(2013/03/06 16:50), Heikki Linnakangas wrote:>
Hi,

Horiguch's patch does not seem to record minRecoveryPoint in ReadRecord();
Attempt patch records minRecoveryPoint.
[crash recovery -> record minRecoveryPoint in control file -> archive
recovery]
I think that this is an original intention of Heikki's patch.
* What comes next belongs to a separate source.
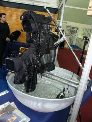 Больше всех соригинальничала компания ОВАКО, применив натюрморт с бутылкой водки на фоне леса. На площадке отечественного производителя АЛМИ тоже стояли камеры, но только "в одёжке". Для доказательства отличных защитных свойств своих всепогодных чехлов специалисты соорудили небольшой фонтан, в котором камера подвергалась постоянной "влажной обработке".

Yeah. That fix isn't right, though; XLogPageRead() is supposed to return true on success, 
and false on error, and the patch makes it return 'true' on error, if archive recovery 
was requested but we're still in crash recovery. The real issue here is that I missed the 
two "return NULL;"s in ReadRecord(), so the code that I put in the 
next_record_is_invalid codepath isn't run if XLogPageRead() doesn't find the file at all. 
Attached patch is the proper fix for this.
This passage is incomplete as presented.